● Goal of the exercise
Leave the pictures aside. Retype exactly the lines from the top of the data below through the one holding "Invece, rispetto al".

● Collected data
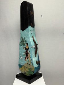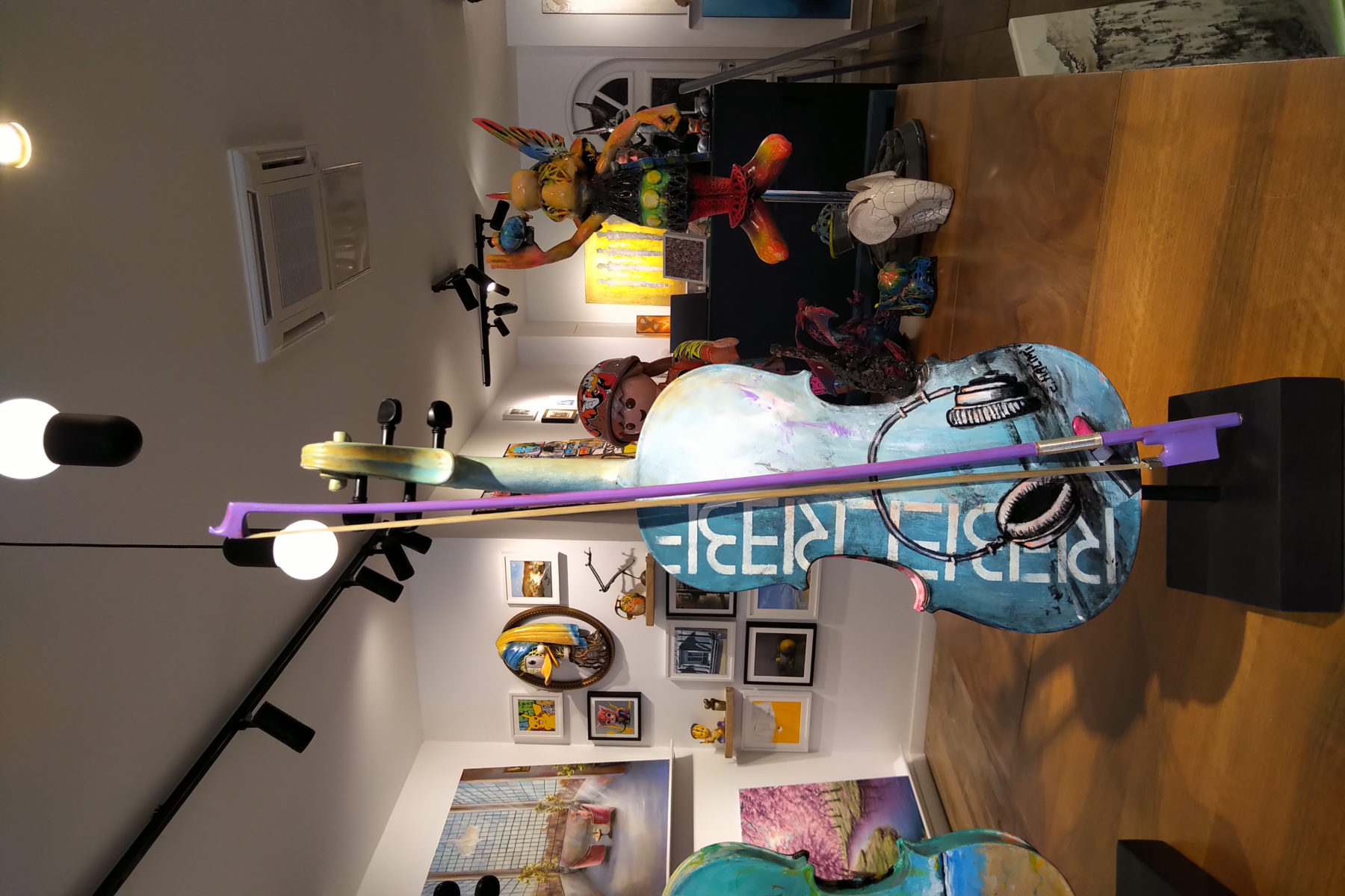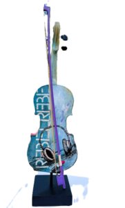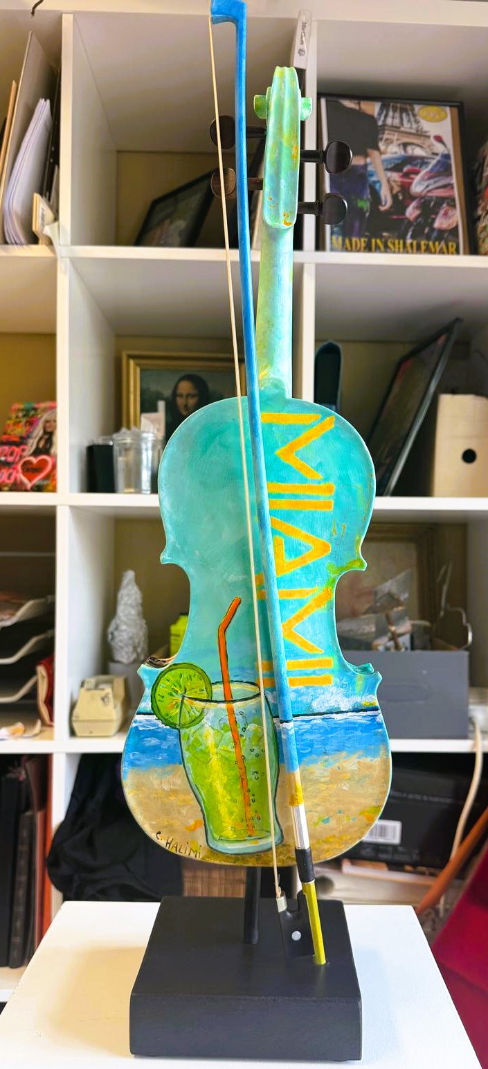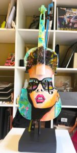Guitare Departure to Caribbean Dim H101/L35/10,5 cm. Socle bois. By C. Halimi Di Domessini Guitare " Route 66 " Dim H110/L41/11,5 cm - by C. Halimi di DomessiniGuitare " Route 66 " by C. Halimi di DomessiniDétail haut manche Guitare " Route 66 " by C. Halimi di Domessini
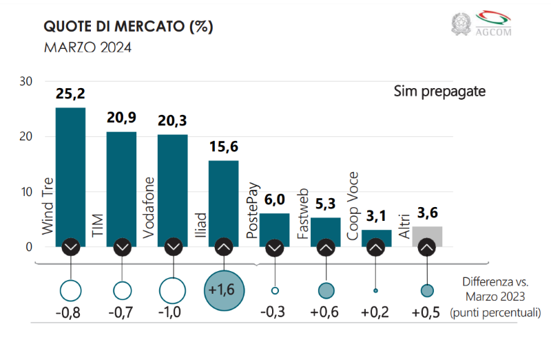 Invece, rispetto al trimestre precedente, a fine Marzo 2024 WINDTRE ha guadagnato lo 0,1%, mentre TIM e Vodafone hanno perso entrambe lo 0,3%.
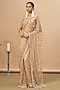 Featuring a nude saree in net base with coral embroidery. It is paired with a race-back blouse and an underkirt. Accentuate it with zircon jewellery and heels for a festive occasion, reception, wedding, engagement or sangeet ceremony.

● Problem solution
Guitare Departure to Caribbean Dim H101/L35/10,5 cm. Socle bois. By C. Halimi Di Domessini Guitare " Route 66 " Dim H110/L41/11,5 cm - by C. Halimi di DomessiniGuitare " Route 66 " by C. Halimi di DomessiniDétail haut manche Guitare " Route 66 " by C. Halimi di Domessini
 Invece, rispetto al trimestre precedente, a fine Marzo 2024 WINDTRE ha guadagnato lo 0,1%, mentre TIM e Vodafone hanno perso entrambe lo 0,3%.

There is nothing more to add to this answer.